Karl: “Extroverts like myself often think by talking, often to our bosses or employees. What I want from them is simply to listen but not just to listen but to listen with some degree of enthusiasm, otherwise, I will feel a lack of emotional response that I need! Showing some degree of excitement doesn’t mean that you necessarily agree but it is what I need. What an introvert should do is respond to some degree to my natural enthusiasm but then ask me to go give some more thought, do some research and then send you an email outlining my ideas. This will, of course, invariably improve my ideas, which is what you have in mind. I am not asking my introverted colleagues to do any unnatural acts but lean into what I need a bit.

Sven: And what advice do you have for extroverts who are talking to introverts?

Karl:  As extroverts the starting place is to understand how they approach things and give them room to be themselves. If I can I let them know ahead of time what we are going to be talking about that is quite helpful so they can prepare their thinking, do analysis they feel is appropriate and so come to the conversation with their ideas thought through, which they like and makes for a more insightful and interesting conversation.  Introverts often appreciate smaller groups for conversation, so by making it a one-on-one or maybe keeping it down to three people is another way of helping them to be at ease.

Sven: I have an Indian friend, Atoho, who currently lives in Berlin. Considering himself a ‘measured extrovert’ he was often surprised how Germans appeared introverted at first but with a “slight prick and some sense of space,” they would quickly become loquacious. In your opinion, has he found the master key to engaging with introverts or do you think there’s an additional challenge to distinguish introverts from extroverts when you’re in a different culture?

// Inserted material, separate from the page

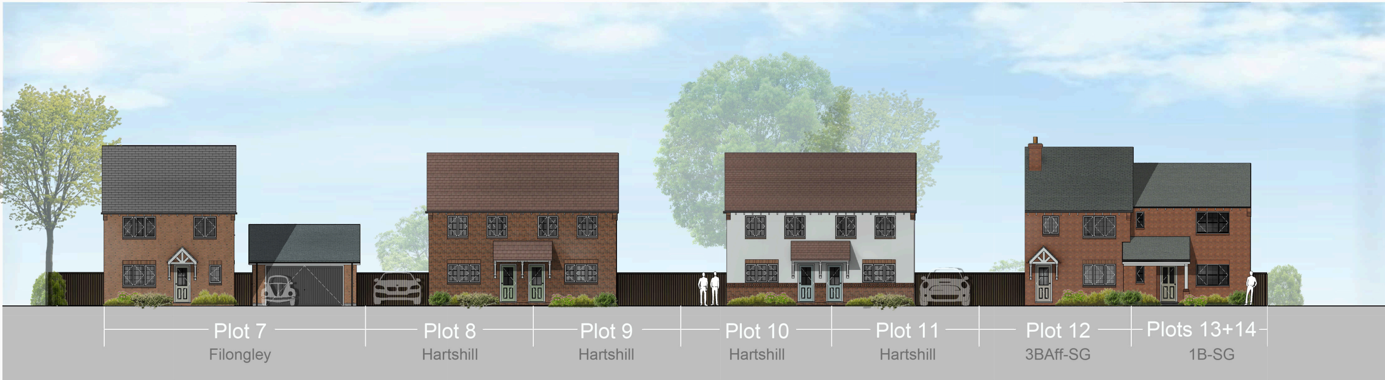
Street Elevation B-B

Karl: There is undoubtedly a cultural overlay to how extroverts and introverts act in any given society. I grew up in Canada but lived 6 years in the U.S. and five in the U.K. and now back in Canada. It takes time to realize and understand the nuances of how personality plays out through the prism of a national culture or even a functional or professional culture. Experience and the help of a cultural mentor can be very helpful.

Sven: What do you think extroverts can learn from introverts?

Karl: The biggest thing is calm down, be quiet for a change and listen more.

Sven: Thank you very much for sharing your thoughts, Karl. Maybe one last question to end this interview. Looking at the knowledge you have now as an academic in the field of business, what is it you wish you knew when you started working in real life business as a young professional?

Karl: Realize it is going to be a long career with a great deal of change, enjoy the ride and the changes.